Die noch junge Sängerin gab der alternden, verfolgten Dichterin eine fast
unheimliche Darstellung, mit ihrem prachtvollen Mezzosopran und in perfektem
Französisch. Großartig! Ihren einzigen Sohn Lev Gumilev stellte Attila
Kiss-B. dar, der im Gulag nach Sibirien verbannt war, Am Schluß der Oper
wirft er seiner Mutter in einer höchst dramatischen Auseinandersetzung
ihren fehlenden Einsatz für seine Befreiung vor. Der ungarische Tenor
drückte dabei sehr überzeugend die ganze Tragik des Sowjet-Regimes aus.
Vielleicht weil er oder ein Familienmitglied dieses Schicksal am eigenen
Leib erlebt haben?
Die
weiteren Rollen sind zwar durchwegs sekundär, aber gut gezeichnet. Vor
allem stellten die Sänger die Rollen sehr glaubhaft dar. Nikolai Punin,
bedeutender Kunsthistoriker und 2. Gatte der Dichterin, war Lionel PEINTRE,
der Lev im verwüsteten Leningrad warnt zu glauben, daß mit dem Ende des
Kriegs das Regime Stalins sich bessern würde. Die zwei Freundinnen Akhmatovas,
die Schriftstellerin Lydia Tchukovskaia und die Schauspielerin Faina Ranevskaia,
wurden sehr treffend von Varduhi ABRAHAMYAN und Valerie CONDOLUCI gestaltet.

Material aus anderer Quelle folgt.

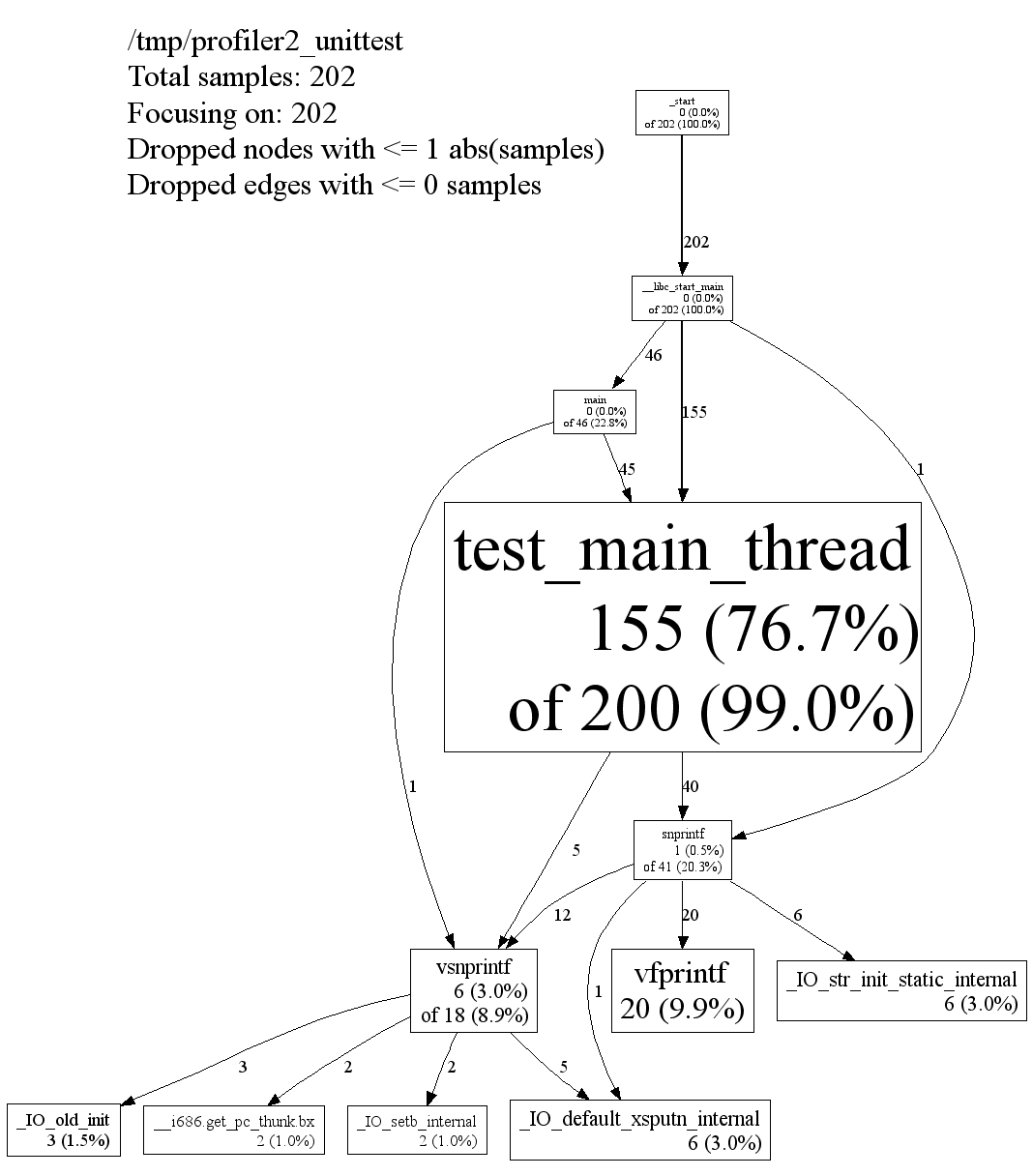 Note that test_main_thread() has an edge to vsnprintf(), even though test_main_thread() doesn't call that function directly. This is because the code was compiled with -O2; the profile reflects the optimized control flow.

Christophe DUMAUX war als Vertreter des Schriftstellerverbands ein typisches
zynisches Sowjet-Subjekt, wenn er versucht Akhmatova unveröffentlichte
Gedichte herauszulocken.
Wenn
zu Beginn der Oper Akhmatova glaubt, daß ihre Wohnung wieder einmal von
der GPU durchsucht worden sei und Krach macht, erscheint Marie-Adeline
HENRY als Olga und wirft ihr vor, das ganze Haus zu wecken. Als drei englische
Universitätsprofessoren (Fabrice DALIS, Paul CRÉMAZY, Vladimir KAPSHUK)
Akhmatova besuchen, um sie zu interviewen, sagt sie ihnen, das Genosse
Stalin völlig recht habe, sie zu verfolgen. Die drei ziehen kopfschüttelnd
ab und halten sie für verrückt - eine groteske Szene in der allgemeinen
Grauheit. Fabrice Dalis war auch der Bildhauer in der Szene mit Faina
in Taschkent, während die beiden letzteren Sänger auch die als Studenten
verkleideten GPU Spitzel waren.
Das
neue Werk wurde vom Publikum enthusiastisch aufgenommen und feierte alle
Künstler und besonders den Komponisten und Librettisten triumphal. wig.